Good observability is simply more important than good testing
In most cases, good observability is simply more important than good testing. As we all know
There is no system that immune to failure, so we need to be ready to recover
Being able to recover from failure quickly, is pretty much how important observability is. In this case, I would slightly mention 3 phases of incident
- Alert fired, it can come from system or user, if it comes from the user, that’s a pretty good sign that we don’t have a good alert rules
- Observe the issue, it is the phase where we try to figure out what is wrong with the system
- Fix the issue, it is a phase where we execute a task to bring us to a healthy state
From the picture above, we can see that having good observability will help reduce the Mean Time to Recover, and it gives us the leverage to be able to make changes more rapidly because our ability to recover from problems is good enough. Which makes the cost of the error that we use less.
Of course, it all depends on the error budget that we budget for the system that we operate. And when we explore deeper about rapid change, it will lead us to learn how to fail gracefully.
. Understanding that, we know that observability and test in a system are essentials.
So what good observability looks like?
There would be no single answer to this, it all depends on the system that you’re working with. But in this case, I’d like to share common patterns of consumption of information that helps us to observe our system.
Metrics
Metrics is a measure of quantitative assessment that commonly used for assessing, comparing, and tracking the performance of a system. It enables us to do a real-time exploration of the aggregate system behavior.
It gives you a way to see an overview of a system, such as how is average memory usage across all datacenters, or how is error rate across multiple applications.
Logging
Logging is a process of recording an event that happens to a system. It usually describes what the system is doing given time and some context. It enables us to get a deeper knowledge of what happens to a system.
The screenshot above shows a list of events that omitted by an application, showing a context of what is happening on the application.
Tracing
Tracing is a series of connected logs in a single transaction. It is giving quite similar value as adding transaction id on event logs. Usually it helpful for debugging a distributed system when there are multiple services.
Traces would be a single transaction, and span would represent every checkpoint that its transaction visits. For example, load balancer (span1
) hitting an application (span2
), then application reading a database (span3
).
What to do with this data?
Visualization
Visualization is one valuable thing you can do with the data that you have, by grouping information based on what is important for your organization. That would be helpful for understanding the health of the system, making technical/business decisions, finding an anomaly, and other stuff.
Alerting
In order to keep your system as you expect it to be. Setting up an automated alert on the specific condition of your system, based on metrics or logs would be very important to keep your system reliable.

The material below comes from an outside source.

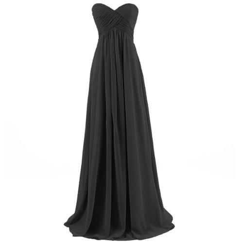 With its sweetheart neckline, formfitting bodice, empire waist, zipper-up back, and long chiffon skirt, this ethereal frock is worthy of celebration!

The most common issue of alerting from my experience is, either we’re having too many alerts that are not actionable, and people start ignoring it because it’s becoming normal. Most of the time the reason
In order to avoid that, I like to classify alerts on its severity, such as:
- Informational, which you might be interested to be informed
- Warning, for condition of the system that is becoming unhealthy
- Critical, for serious issues that need immediate attention
For example:
- On informational, notify my team
- On warning, notify me only during a specific time period, for instance (08:00-20:00), since the importance of warning probably not worth to wake you up at night.

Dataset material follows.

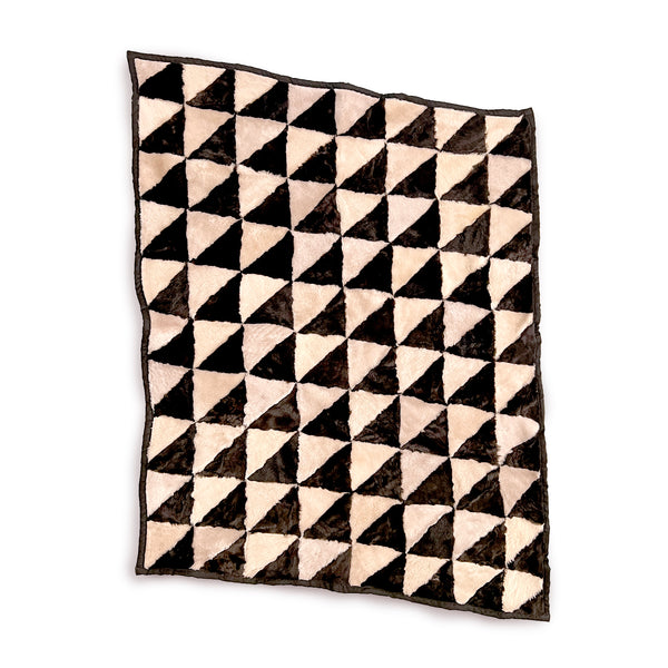 Our TRIANGLE patchwork throws are designed to make use of the smallest of sheepskin offcuts. Made using super-soft warm beige + dark brown sheepskin, it has a stone leather + mid-grey suede reverse and is finished with a black fabric trim.

- And critical is simply something that would wake you up at 04:00 in the morning.
Why do we need a warning at all? it’s simply giving you some space to do something before something really bad actually happens.

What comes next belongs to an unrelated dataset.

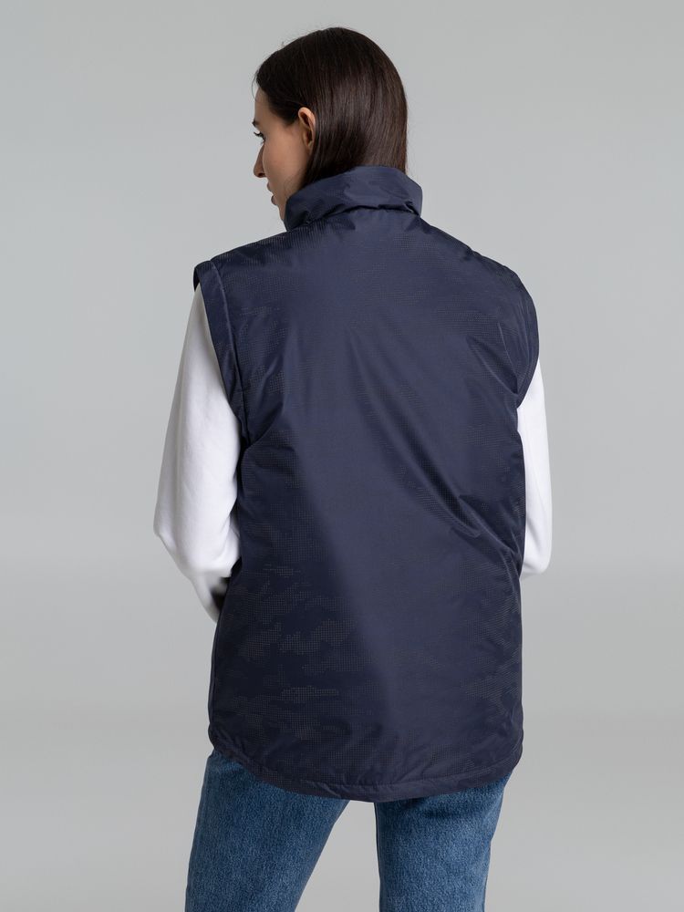Жилет с воротником-стойкой и светоотражающим рисунком.

And over time on each alert, we should do a small evaluation
- Is it helpful?
- Is it triggered on the right threshold?
Those questions should help you modify your alerting rules towards more accurate alerting rules.
Debugging
Debugging is the process of finding sources of problems with the system. In this process, we will be confronted with questions that lead us to the answers, what causes problems with the system? And metrics, logging & tracing will be very important to answer these questions.
Oftentimes we don’t realize how important the ability to debug a system that we operate in is in production. Meanwhile, what happens in production is the only thing that defines the performance of our system.
Remember, we should create videos that can provide insight into debugging when only time that the debugging, therefore cannot be taught.
Conclusions
Some of the things discussed above are not necessarily a silver bullet to achieve good observability. Ben Sigelman, provides an interesting perspective on the approach we can take to achieve good system observability in the [Three Pillars video, Zero Answers: We Need to Rethink Observability]
In conclusion, good observability would be gained over time by learning on each system failure. That should give us a precise direction of improvement towards a more resilient system.